Quels sont vos objectifs avec Harry's Labs et quels sont les moyens dont dispose cette entité ?

Cette structure est dédiée à l'innovation pour y développer des marques ciblant des besoins spécifiques de différents groupes d'individus à travers le monde. Notre objectif est de lancer deux nouvelles marques chaque année. Grâce aux compétences acquises par Harry's, nous voulons capitaliser sur notre maîtrise du modèle DTC et nous appuyer sur notre relation avec nos partenaires commerçants. Notre lab compte une dizaine de personnes et dispose de son propre budget. Leur rôle est d'identifier des catégories de produits où les consommateurs ne sont pas satisfaits par ce que leur proposent les marques. Nous n'écartons pas également d'investir ou de contribuer au développement de marques existantes.

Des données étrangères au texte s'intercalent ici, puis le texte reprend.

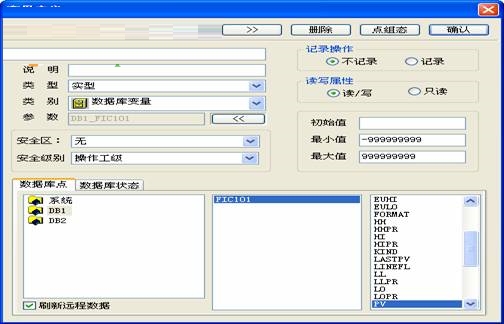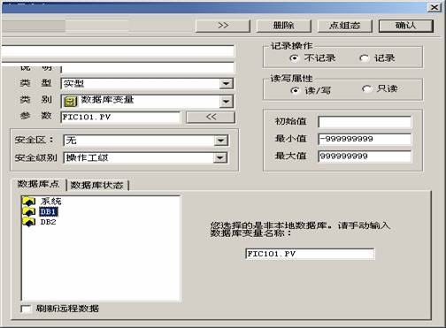 5、第一个变量命名为“DB1_FIC101.PV”,在“数据库点”中选择“DB1”,如果节点“Node1”没有启动,则手工输入“FIC101.PV”,“变量定义”对话框的形式
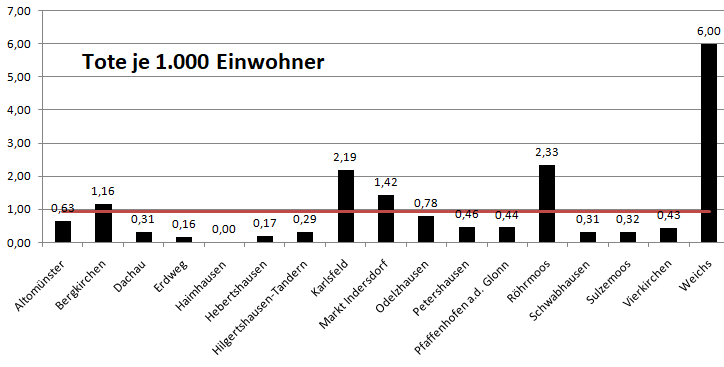 Im Vergleich mit den Nachbarlandkreisen liegen wir bei den Verstorbenen pro 100.000 Einwohner an 2. Stelle hinter Pfaffenhofen. Warum das so ist, bleibt ungeklärt.
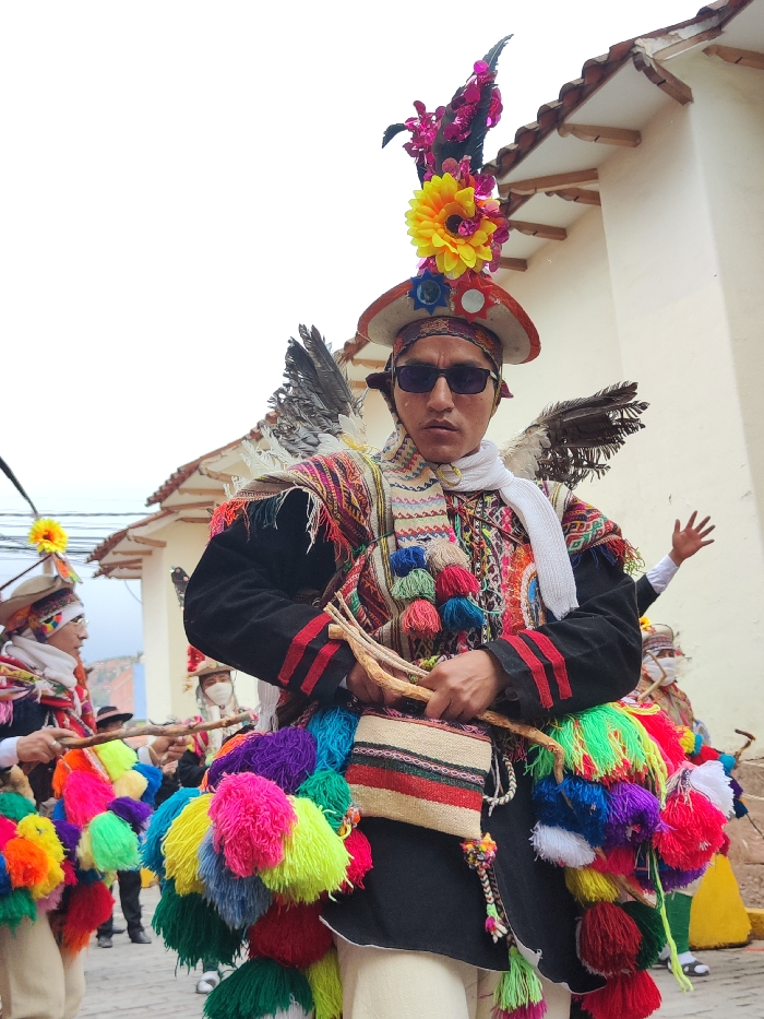 A person in vibrant traditional attire stands prominently. They wear a unique hat adorned with colorful flowers and feathers, complementing a patterned shawl. A black coat with striped trim covers a brightly woven garment. Colorful tassels hang around the waist. Sunglasses and a scarf complete the ensemble. Others in similar clothing can be seen in the background. They hold sticks and perform a cultural ceremony. The surroundings suggest an outdoor event in a rural area.
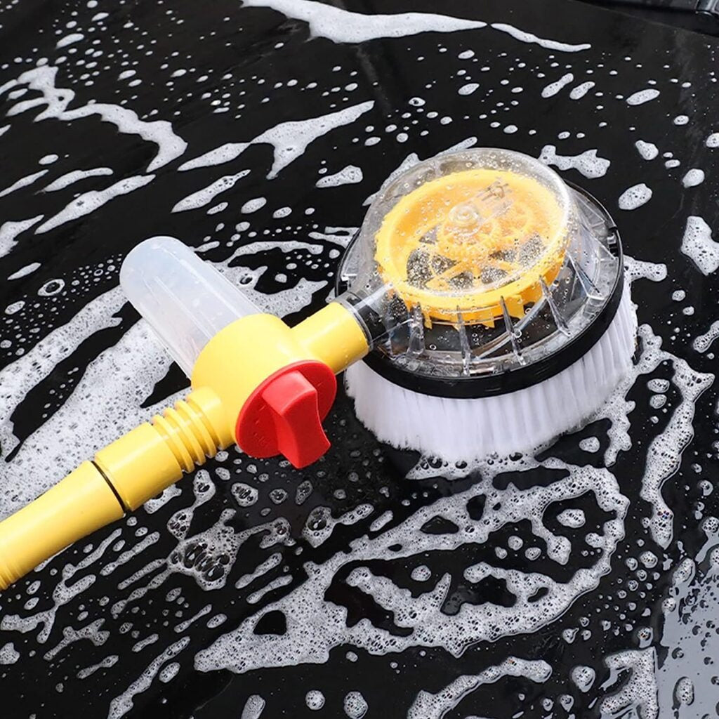 Solo conecta el cepillo al grifo y deja que la presión del agua active su sistema giratorio, generando abundante espuma mientras frota suavemente la superficie. Elimina suciedad, barro y manchas sin dañar la pintura, ofreciendo un resultado similar al de un lavado profesional, sin necesidad de electricidad.
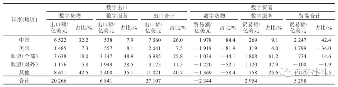 注:数据来源于世界贸易组织,欧盟数据中包含英国和其他27个国家,对欧盟数字服务贸易目标地与来源地的统计剥离了28国相互之间的贸易数据。
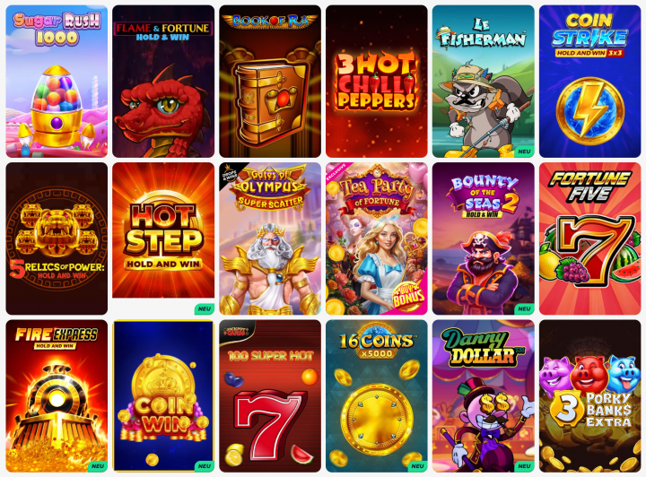 Das Spielesortiment ist umfangreich und du kannst viele verschiedene Themen finden. Neben den Spielautomaten stehen dir für deine Unterhaltung auch noch Live Casino Spiele und Sportwetten zur Verfügung. Du kannst auf eine Auswahl von über 120 Spieleherstellern zugreifen und dabei finden sich renommierte Studios wie Pragmatic Play, Smartsoft Gaming, Hacksaw Gaming, Booming Games, Betsoft, Kalamba Games, Red Rake Gaming, Quickspin, Playson, Thunderkick und viele mehr.
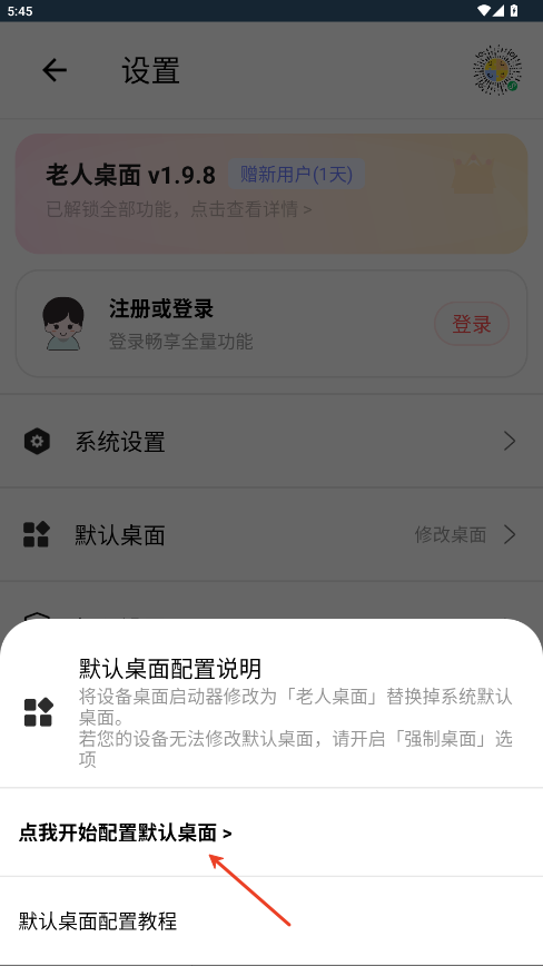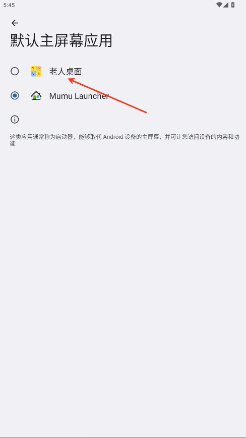 4.选择老人桌面为默认桌面即可。
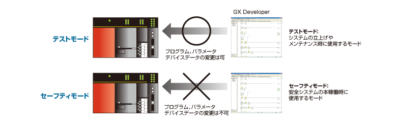 By adopting the safe CPU operation mode, the conventional convenient debugging functions (device test, writing during RUN, etc.) can be used only in the test mode.
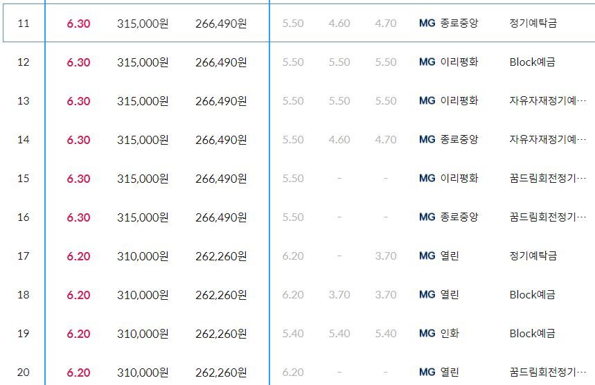 1. mg 새마을금고 정기예금 금리(지점별 금리비교)
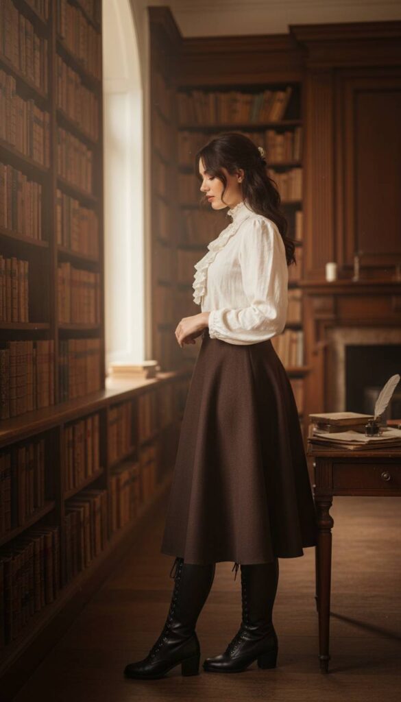 Tap into the Dark Academia trend with Victorian-style lace-up boots. Pair them with a structured A-line midi skirt and a tucked-in blouse. This look is scholarly yet stylish, perfect for library dates or museum visits. A leather satchel is the mandatory accessory here.
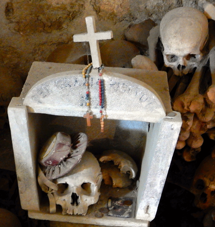 Some refer to those practitioners as members of a cult of the dead. Results of their assistance in caring for the skulls of those who died lacking requisite sacraments regarded as keys to heaven were seen in an earlier post about Cimetero delle Fontanelle.

Avez-vous d'autres exemples de marques issues de Harry's Labs ? Celles-ci ont-elles vocation à être uniquement financées par Harry's ou pourront-elles, à terme, accueillir d'autres investisseurs ?

Cat Person est une autre marque que nous avons lancée. Cette idée est venue d'un membre de l'équipe qui adore les chats et qui a remarqué que l'expérience offerte par les marques aux propriétaires de chats était loin d'être exceptionnelle. Nous avons donc créé une marque qui propose de la nourriture pour chat de qualité permettant de mieux préserver la santé de ces animaux tout en donnant le sentiment à leurs propriétaires de bien s'en occuper. Nous assurons, pour l'heure, intégralement le financement de ces marques. Mais à mesure que celles-ci continueront de se développer, nous évaluerons toutes les options à notre disposition. Il est encore trop tôt pour le dire.

En février dernier, la Federal Trade Commission a annoncé vouloir bloquer l'offre de rachat de Harry's par le groupe Edgewell pour 1,37 milliard de dollars afin de préserver la concurrence dans ce secteur. Pensez-vous que cette acquisition ait encore une chance de se réaliser ?

Non, cela ne se fera pas. Edgewell (propriétaire entre autres de Shick et Wilkinson, ndlr) a d'ailleurs retiré son offre suite à l'annonce de la saisie de la justice par la FTC. Avec cette acquisition, notre objectif était de proposer une meilleure expérience à nos clients en combinant nos compétences respectives. Ce qui nous paraissait vraiment intéressant était la possibilité de développer la dizaine de marques du portefeuille d'Edgewell dont nous devions prendre le contrôle et assurer leur développement sur le sol américain. Cette vision était en lien avec la stratégie multimarques que nous développons actuellement avec Harry's Lab. L'acquisition n'étant plus à l'ordre du jour, nous allons nous tourner vers l'avenir et construire cette vision nous-mêmes.

Quelles sont vos ambitions à l'international ? Prévoyez-vous un lancement en France ?

Concernant la France nous n'avons encore rien à annoncer pour le moment. Nous observons une très belle croissance de Harry's en Grande Bretagne et au Canada, ce qui démontre la capacité de la marque à pouvoir séduire des clients en dehors des US. Il nous faudra être attentifs aux spécificités et aux attentes des consommateurs sur chaque marché. 

Quelle est votre vision pour le futur de Harry's ?

Je crois que nous avons l'opportunité de créer une entreprise d'un nouveau genre dans le secteur des produits de grande consommation en développant un portefeuille de marques modernes et mondiales pouvant toucher des consommateurs à travers différents canaux. L'entreprise pourra rester indépendante, entrer en bourse, s'allier avec d'autre.s.. Mais pour l'heure, notre objectif est de continuer à nous développer.

Jeff Raider est le cofondateur et co-CEO de Harry's Inc. Avant cela, il avait lancé Warby Parker, une DNVB spécialisée dans les lunettes et travaillé pour Charlesbank Capital Partners et Bain & Company. Il est diplômé en Affaires Internationales de The Johns Hopkins University et a obtenu un MBA de la Wharton Business School.